Ramona sedang tidur jauh di satu sisi tempat tidur, pantat sebelah kanannya sudah keluar dari batas tepi kasur. Kacamatanya berada di atas meja tidur kecil bergambar Donald Duck, dilipat rapi dan diletakkan terbalik.

“Ramona!”

Sang anak terbangun dengan tarikan napas yang tajam. Matanya terbuka lebar, tapi ia menyipitkannya kembali hampir dalam satu waktu. “Mama?”

“Mama pikir kamu sudah bilang bahwa Jimmy Jimmereeno sudah tertabrak dan meninggal.”

“Apa?”

“Kamu pasti dengar,” kata Eloise. “Kenapa kamu tidur di sudut ranjang?”

“Karena,” jawab Ramona.

“Karena apa? Ramona, ibu tidak merasa—”

“Karena aku tidak mau menyakiti Mickey.”

“Siapa?”

“Mickey,” jawab Ramona sambil menggosok hidungnya. “Mickey Mickeranno.”

Eloise mengangkat suaranya sampai berteriak. “Tidur di tengah tempat tidur. Sekarang.”

Ramona yang sangat ketakutan hanya bisa memandangi Eloise.

“Baiklah.” Eloise meraih pergelangan kaki Ramona, setengah mengangkat dan setengah menariknya ke tengah tempat tidur. Ramona tidak melawan atau pun menangis; ia membiarkan dirinya bergeser tanpa benar-benar memasrahkan diri.

“Sekarang tidur,” kata Eloise yang terengah-engah. “Tutup matamu…Kamu dengar mama kan, tutup matamu.”

Ramona menutup matanya.

Eloise beranjak ke saklar lampu dan mematikannya.
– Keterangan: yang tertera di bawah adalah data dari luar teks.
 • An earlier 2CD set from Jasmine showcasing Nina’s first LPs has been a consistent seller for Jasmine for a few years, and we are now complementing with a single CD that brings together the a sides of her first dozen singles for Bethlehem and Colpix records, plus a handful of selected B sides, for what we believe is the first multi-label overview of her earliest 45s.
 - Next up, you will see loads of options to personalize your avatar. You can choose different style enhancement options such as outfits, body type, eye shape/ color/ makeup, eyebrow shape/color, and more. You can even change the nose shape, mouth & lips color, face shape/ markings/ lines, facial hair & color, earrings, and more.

Tapi ia berdiri cukup lama di pintu kamar. Lalu, tiba-tiba dalam gelap, ia berlari menuju meja tidur dan membenturkan lututnya dengan kaki ranjang, tetapi dirinya terlalu penuh dengan tujuan untuk merasakan sakit. Ia mengambil kacamata Ramona dan memegangnya dengan kedua tangannya, lalu menekan kacamata itu ke pipinya. Air mata mengalir di wajahnya, membasahi kaca mata tersebut. “Poor Uncle Wiggily,” ia mengatakannya berulang-ulang. Akhirnya ia taruh kembali kacamata itu di atas meja tidur, lensanya menghadap ke bawah.
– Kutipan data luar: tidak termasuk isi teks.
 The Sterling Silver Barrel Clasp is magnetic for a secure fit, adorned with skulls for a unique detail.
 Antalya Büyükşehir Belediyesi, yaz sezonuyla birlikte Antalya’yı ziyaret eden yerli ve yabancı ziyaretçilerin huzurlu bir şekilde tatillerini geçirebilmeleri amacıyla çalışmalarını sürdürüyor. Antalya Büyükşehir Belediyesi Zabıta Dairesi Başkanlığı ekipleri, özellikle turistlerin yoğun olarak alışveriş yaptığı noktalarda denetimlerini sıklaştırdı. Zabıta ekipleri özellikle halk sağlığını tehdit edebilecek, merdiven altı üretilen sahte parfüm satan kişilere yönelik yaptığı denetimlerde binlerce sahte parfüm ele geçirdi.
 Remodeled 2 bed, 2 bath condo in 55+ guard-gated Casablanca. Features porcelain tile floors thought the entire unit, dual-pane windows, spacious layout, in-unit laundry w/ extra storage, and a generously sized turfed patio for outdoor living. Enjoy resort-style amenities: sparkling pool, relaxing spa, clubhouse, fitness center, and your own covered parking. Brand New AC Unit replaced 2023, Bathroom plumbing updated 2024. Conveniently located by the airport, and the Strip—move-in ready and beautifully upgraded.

Ia membungkukkan dirinya, kehilangan keseimbangannya, lalu menyelipkan dirinya ke selimut yang Ramona pakai. Ramona terbangun. Ia sedang menangis, dan memang sudah menangis. Eloise mencium bibirnya yang basah dan menyeka rambut dari matanya, lalu ia keluar dari kamar itu.

Ia turun ke bawah dengan sangat sempoyongan, lalu membangunkan Mary Jane.

“Siapa itu? Siapa? Hah?” ucap Mary Jane seraya duduk tegak di sofa.

“Mary Jane. Dengarkan. Tolong dengarkan,” kata Eloise yang tersedu-sedan. “Kamu ingat tahun pertama kita kuliah kan, saat itu aku mengenakan gaun berwarna coklat dan kuning yang kubeli di Boise, lalu Miriam Ball berkata padaku bahwa tidak ada satu orang pun yang mengenakan gaun seperti itu di New York, dan aku menangis semalaman?” Eloise mengguncang tangan Mary Jane. “Aku gadis yang baik kan,” ia memohon, “iya kan?”



# Di cerita ini, maksud Walt Glass adalah, “Poor ankle wiggily,” (pergelangan kaki malang yang terkilir), tapi ia malah menjadikannya, “Poor Uncle Wiggily.”